NJ Law Journal  The headbag (hijab in Arabic) worn by Linda Tisby after she became a Sunni Muslim in 2015 could be used to choke someone, or to smuggle contraband into the jail, the appeals court said. What’s more, it undermined the facility’s goal of presenting a unified, neutral and unbiased force to the public and inmates, the court said.

The appeals court noted with approval the reliance by the court below on two federal court rulings from the Third Circuit, Webb v. City of Philadelphia, barring the wearing of Muslim head coverings by a woman police officer, and EEOC v. Geo Group, finding that the right of women employees in a correctional facility to wear Muslim headgear was outweighed by safety concerns.

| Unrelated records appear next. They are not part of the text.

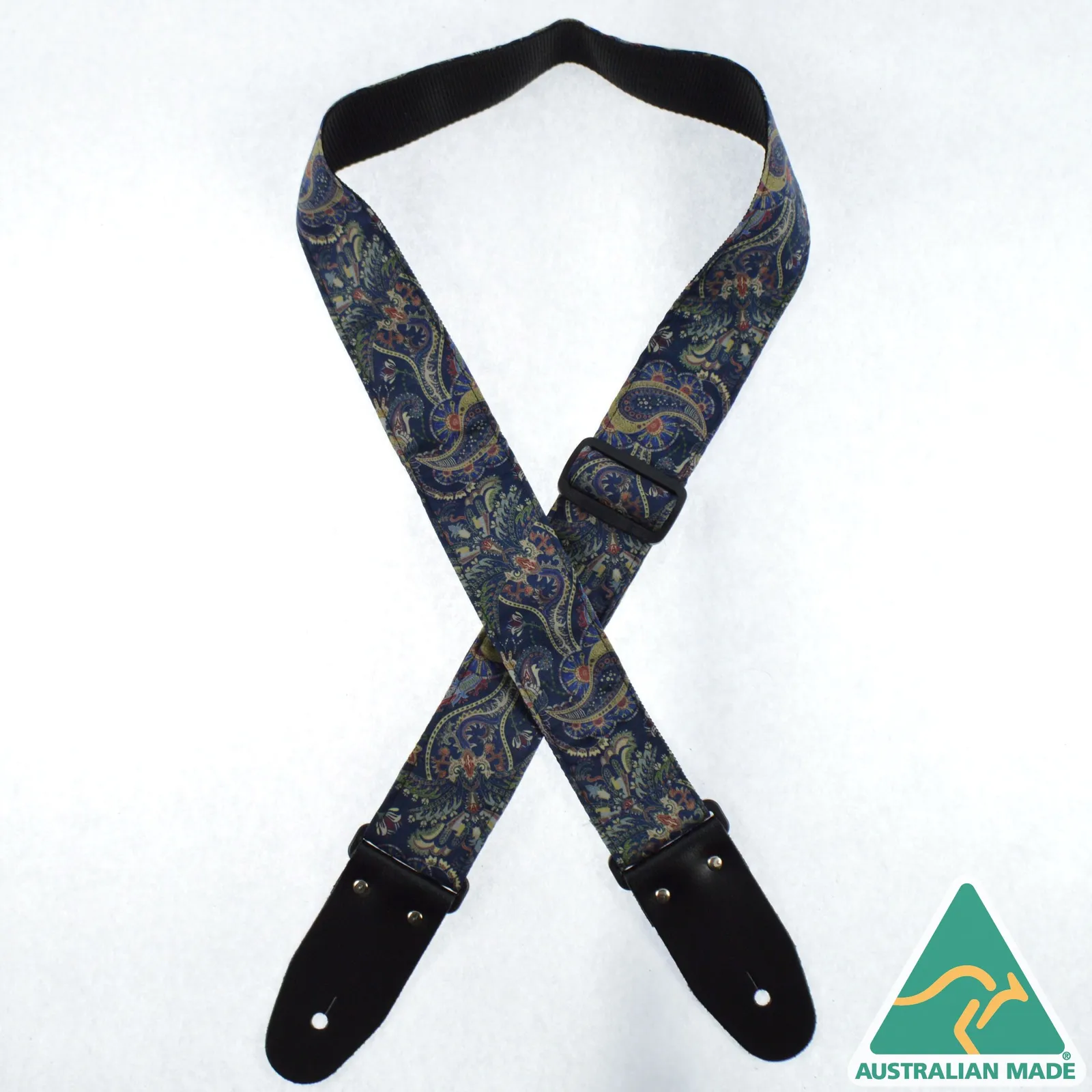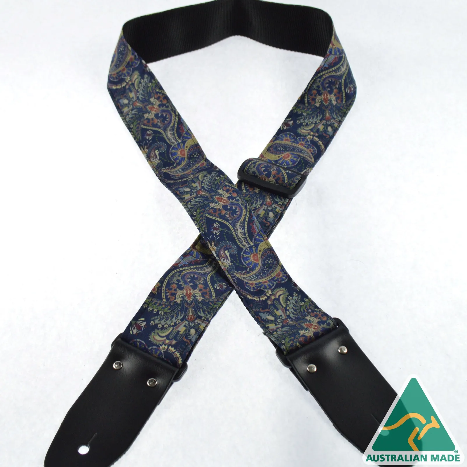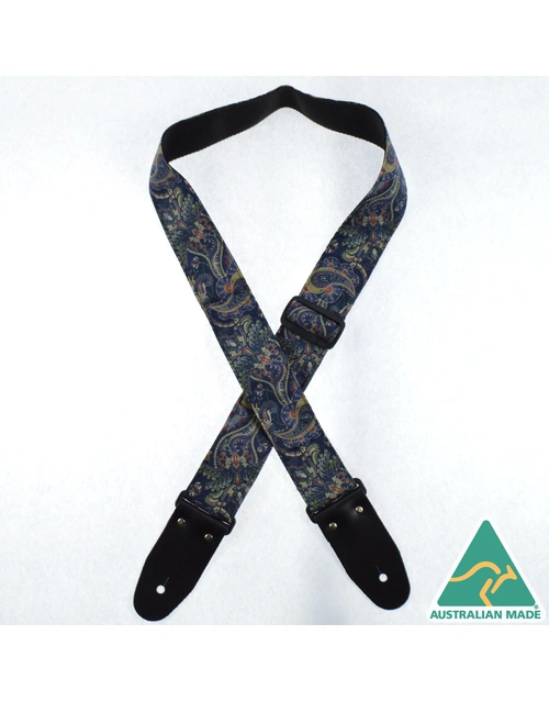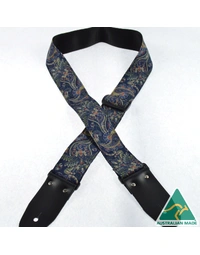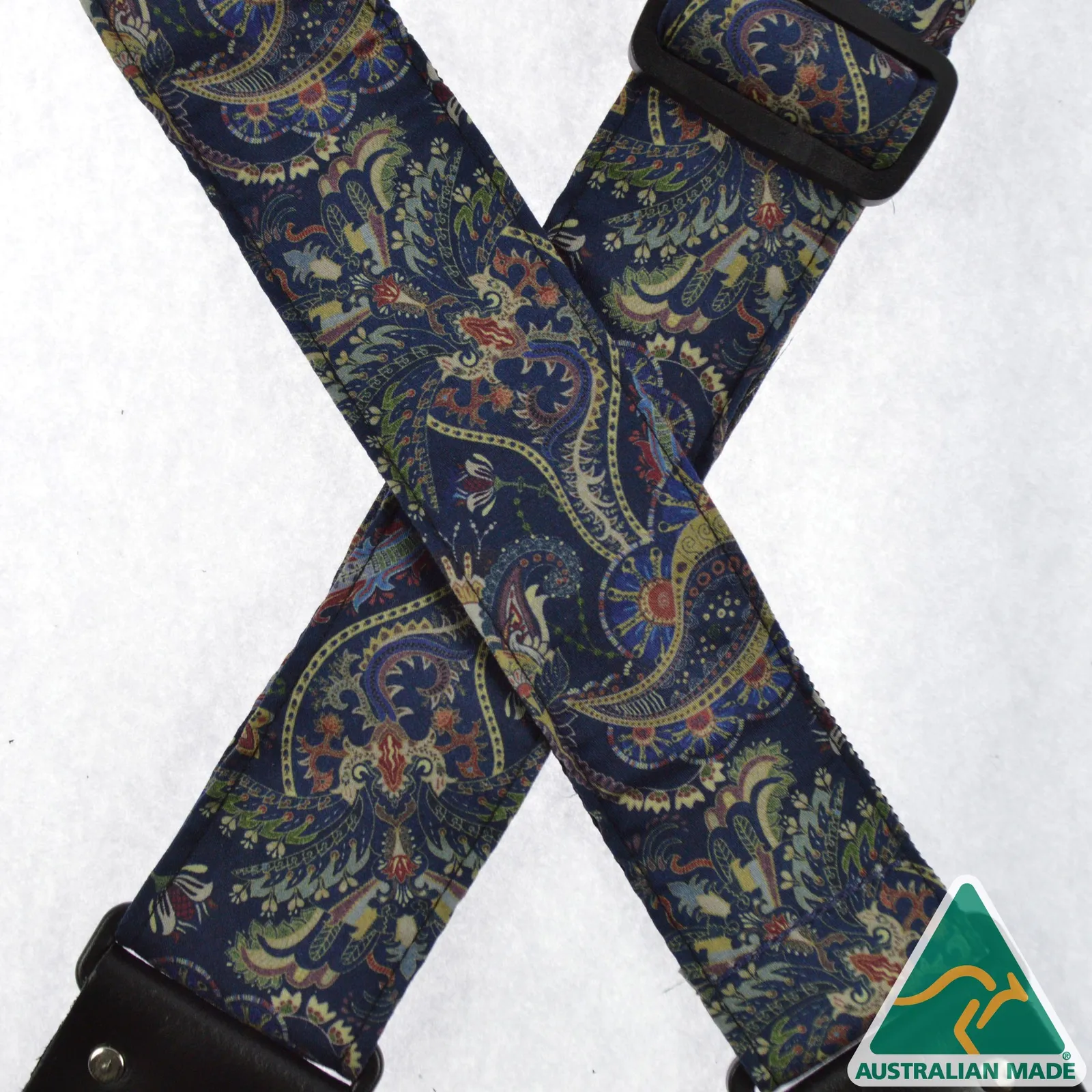 Fabric sewn onto 50mm webbing. Heavy duty 3mm genuine leather ends. Slide adjustable in length from 80cm to 130cm. Made in Australia.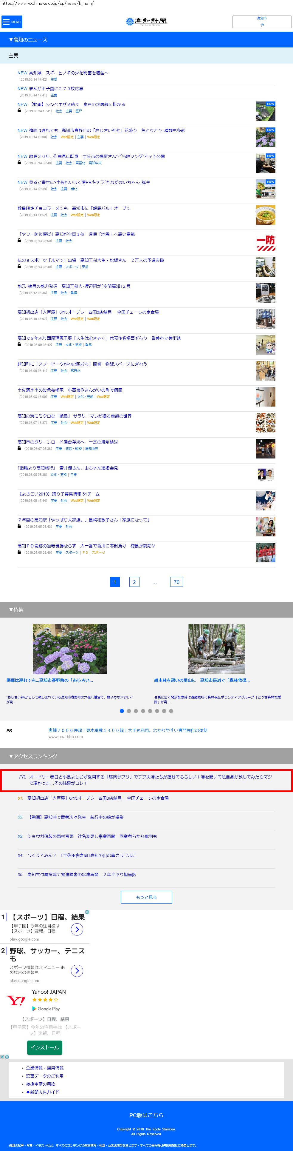 Webメディア 広告枠に赤枠付き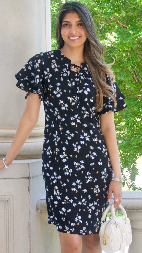 Black Floral Print Short Flutter Sleeve Fitted Dress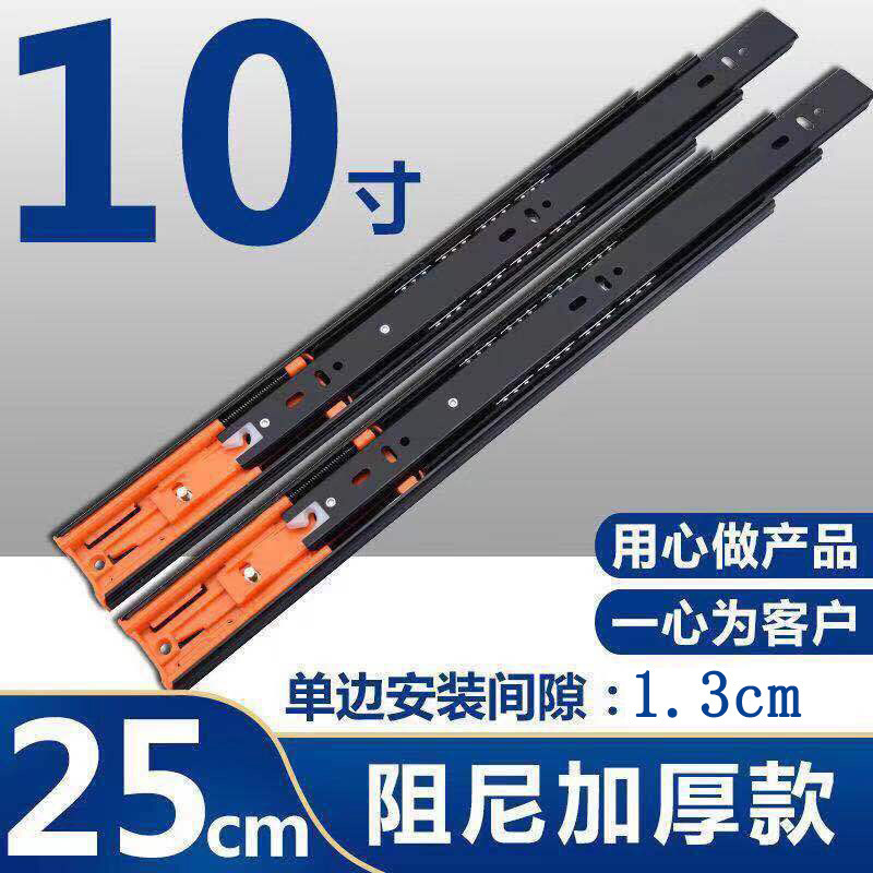 • [두꺼운 검정색 강철 완충기] 3섹션 레일 - 10inch -25CM [2개 1세트]
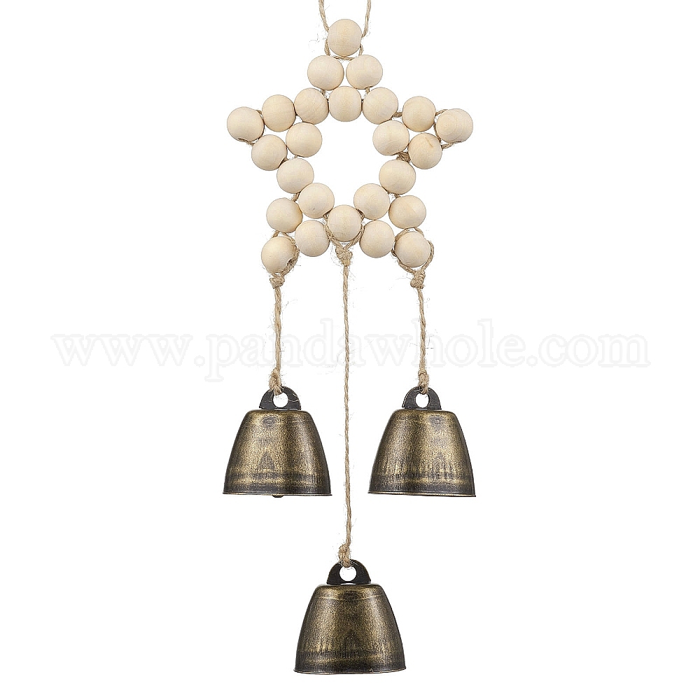 Звезда деревянные бусины подвесные украшения, железные колокольчики-подвески для украшения настенной двери дома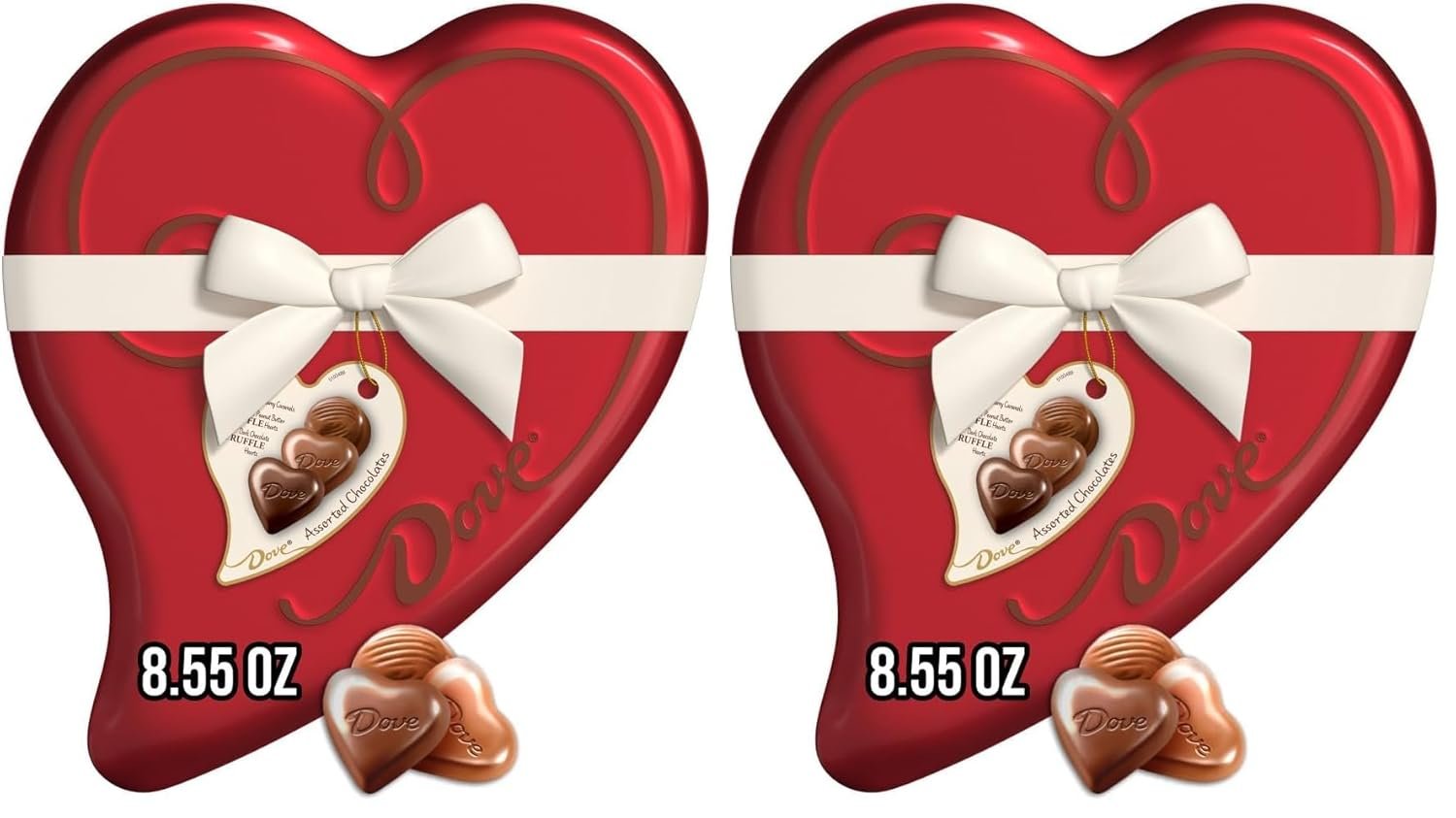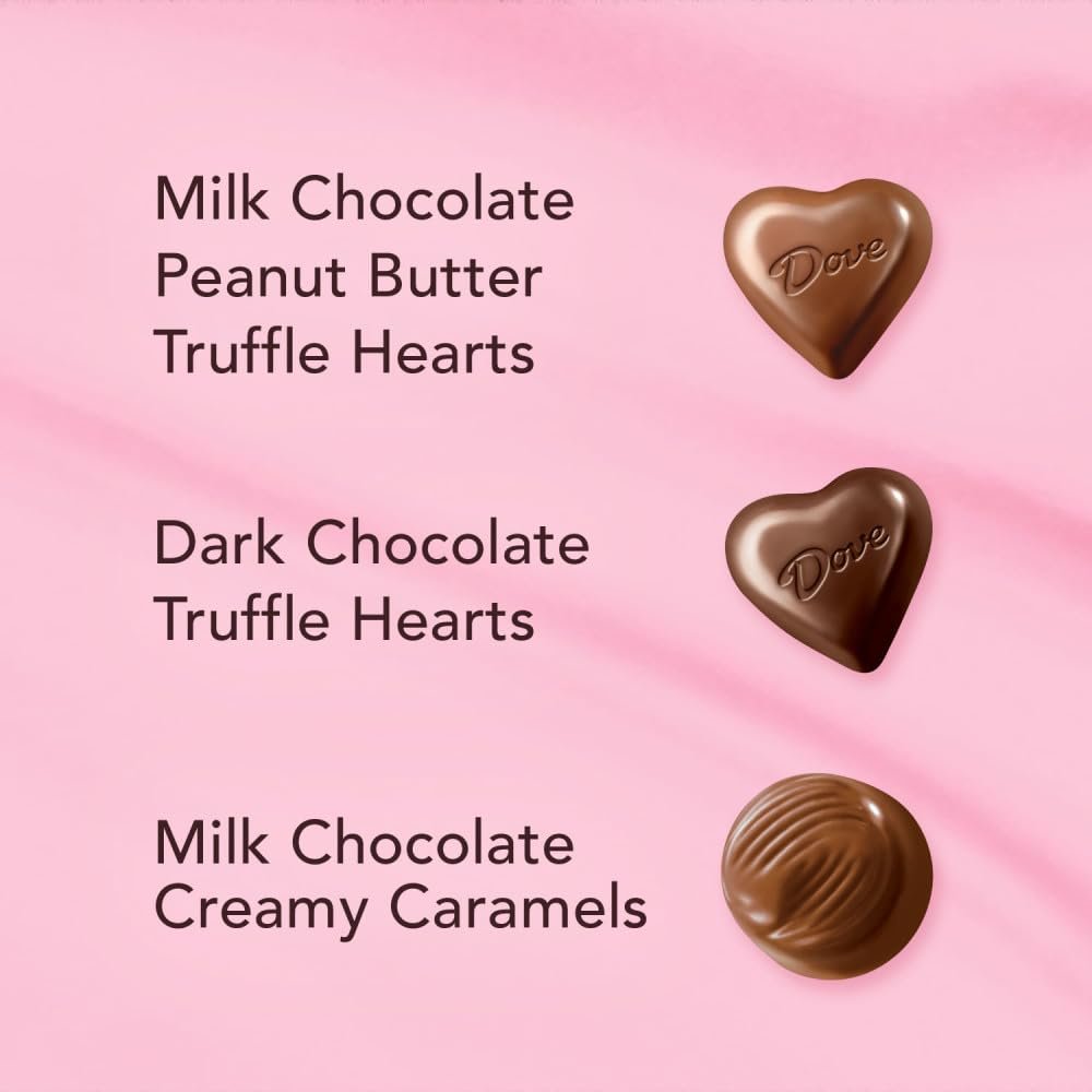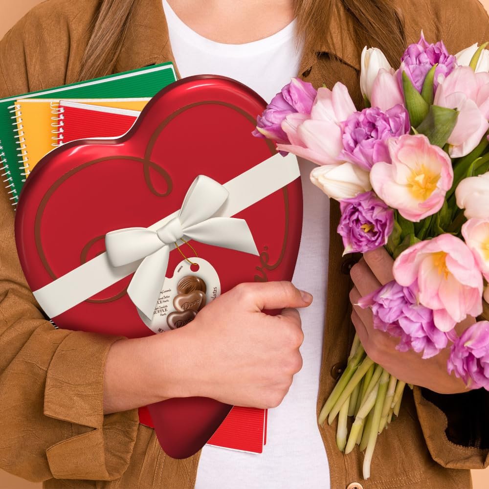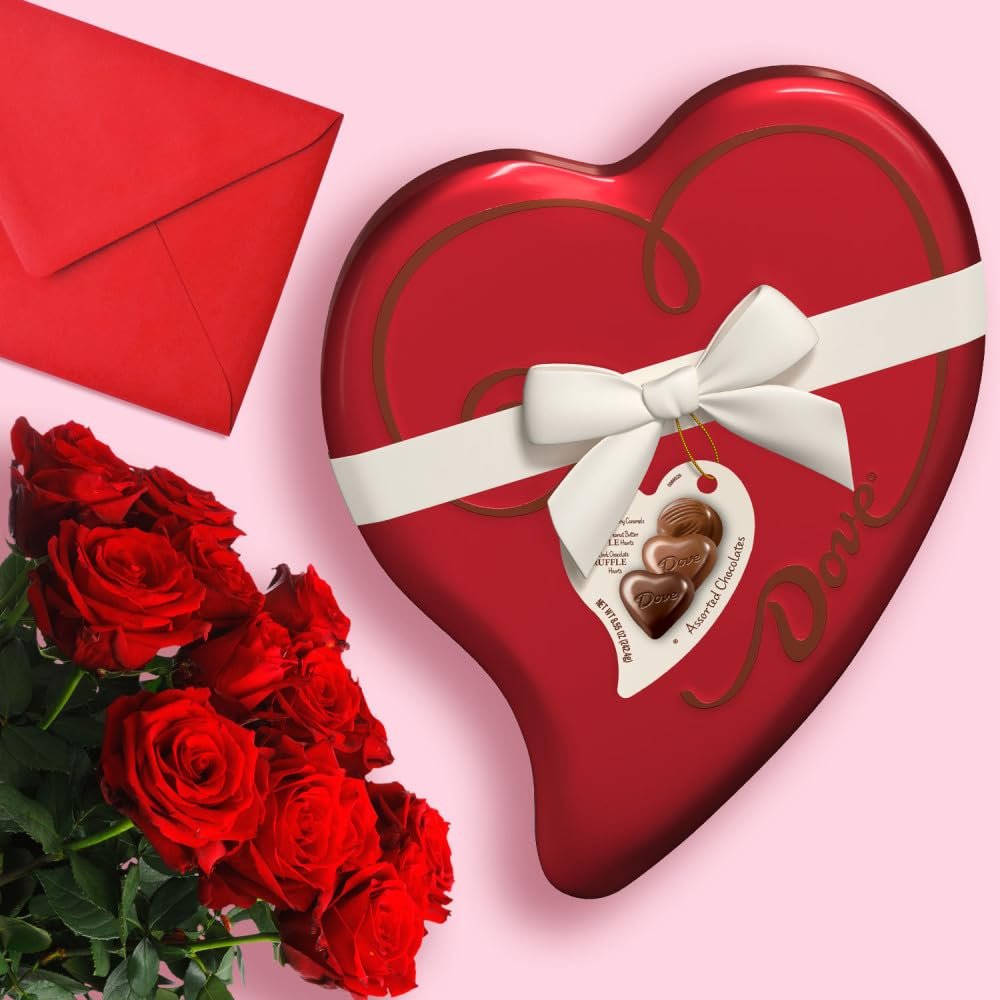 Contains one (1) 8.55-ounce heart-shaped tin of DOVE Truffle Valentine’s Day Assorted Chocolate Candy

Tisby began working at the jail in 2002 but became a Muslim in 2015, and one day she reported to work wearing the khimar. She refused to remove it, was sent home and recommended for disciplinary charges. After continuing to report to work wearing the hijab, she was dismissed on May 11, 2015.

She filed two separate suits against Camden County and the Camden County Correctional Facility. The first, filed on June 12, 2015, sought damages under the Law Against Discrimination and alleged that the jail had permitted other women to work with head coverings, including a woman undergoing chemotherapy. A month later, she filed a second suit, seeking reinstatement and back pay and asserting violations of the LAD.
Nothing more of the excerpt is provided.